Pour les rivaux, le message est clair. Ferrari doit rester au contact, McLaren doit grappiller davantage, et les autres doivent vite éviter de se retrouver condamnés à courir après la cinquième place. À ce rythme, le championnat risque de se jouer moins sur un grand coup que sur une suite de week-ends propres.
La saison 2026 ne fait sans doute que commencer, mais Miami a déjà posé une première couche de lecture utile. Et en Formule 1, c’est souvent là que les grands écarts se préparent : pas dans les déclarations, mais dans la façon très concrète d’aligner les points.

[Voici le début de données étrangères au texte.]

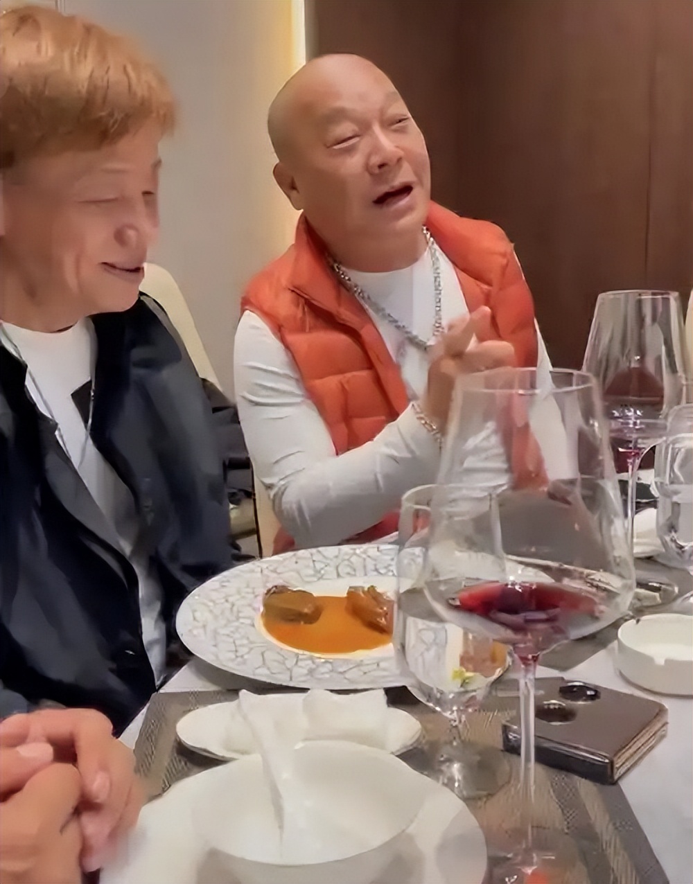 饭桌上梁小龙还跟朋友们说起最近的生活安排,聊得兴起时还比划了几个招式,引得大家哈哈大笑。

Ce qu’il faut retenir du Grand Prix de Miami 2026
- Mercedes occupe les deux premières places du championnat pilotes après Miami.
- K. Antonelli mène avec 100 points, devant G. Russell à 80.
- C. Leclerc pointe troisième avec 63 points.
- L. Norris suit en quatrième position avec 51 points.
- Le classement confirme une hiérarchie déjà plus nette qu’un simple résultat de course.
- Le championnat reste ouvert, mais les écarts commencent à compter sérieusement.